Ele me contou o que eu já imaginava que poderia ter acontecido. Os militares que foram encurralados na igreja caíram. A equipe “alfa” conseguiu deter as vinte criaturas que se aproximavam. A segurança no topo do morro foi reforçada com mais dez militares. E na parte da estrada de terra colocaram mais quatro militares, juntos com os outros três que sempre ficavam ali. Ele também disse que vai deixar nosso plano pronto para ser executado. Agora ele também teme que alguma coisa possa acontecer.

Desde então as pessoas estão inquietas. O clima ficou pesado aqui. Ninguém quer informar nada. Estamos todos indo para a merda e os militares querem guardar segredo disso. A manhã chegou totalmente nublada e com nuvens bem pesadas no céu. Creio que vai vir um temporal.

Mais um acontecimento muito interessante aconteceu. Quando meu irmão veio até mim cerca de dois dias atrás, dizendo que novamente teria que ir com uma equipe de busca por sobreviventes na cidade, eu indiquei um local para ele. O condomínio Fortaleza. Onde estavam escondidos Rodrigo e Amanda. Os dias passaram e eu acabei por esquecer se meu irmão havia tido sucesso na missão. Vê-lo voltar vivo já era um alivio total para mim. Cada vez que ele tinha que sair eu ficava totalmente preocupado e apreensivo. Coisa de irmão mais velho. Foi então que ele comentou comigo que outra equipe acabou indo até o condomínio e que lá encontraram dois jovens sobreviventes.

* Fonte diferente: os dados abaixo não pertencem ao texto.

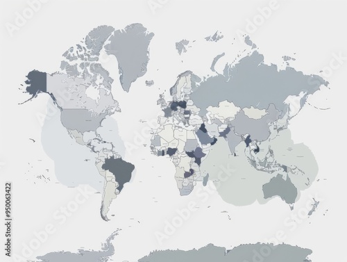 Wall mural a world map with many countries and regions. the map is grey and white - Wall murals Wall mural a world map with many countries and regions. the map is grey and white - Wall murals

– Os trouxeram para cá? – perguntei.
– Sim. – respondeu meu irmão. – A moça está passando por alguns exames, pois estava com muitos hematomas no corpo. Já o rapaz...
– Já o rapaz o que? – perguntei aflito.
– O rapaz está preso.
– Preso?
– Sim. Preso. Ele tentou agredir dois militares e atirou contra um deles. – os relatos do meu irmão eram impressionantes. – Sorte o rapaz ser ruim de mira. Foi pego por dois militares antes de disparar outro tiro. Agora está na prisão que temos aqui. Lá no QG. (Quartel General).
– Mas ele é menor de idade. Não pode ficar preso. – indaguei.
– As coisas não são mais como antigamente, Gabriel. – disse meu irmão. – O rapaz é o menor dos problemas que temos aqui. Qualquer pessoa maior de idade pode libertá-lo se prometer colocar o rapaz na linha. Mas espero que você não vá fazer isso. Se esse rapaz fez o que você me contou que ele fez, eu nem olharia na cara dele.
– Não vou libertar um cara que tentou me matar. – comentei. – Mas temos que entender que tudo isso é fruto de um trauma recente. Tenho dó dele.
– Tenha dó a distancia, Gabriel. – disse meu irmão. – Preciso ir agora. Arrumei mais algumas pessoas para nosso plano. Mais tarde a gente conversa. Hoje à noite estarei de guarda onde você está dormindo. Abraço.

Abracei meu irmão e ele partiu. Nosso plano era arriscado. Talvez nem chegue a ser executado. Para o bem de todos é claro. Vou desligar o notebook. Preciso conversar com meu irmão que acabou de entrar no posto de sentinela aqui no Hangar.

Porem, eu tenho que ficar atento. A qualquer momento pode ser a hora de agir.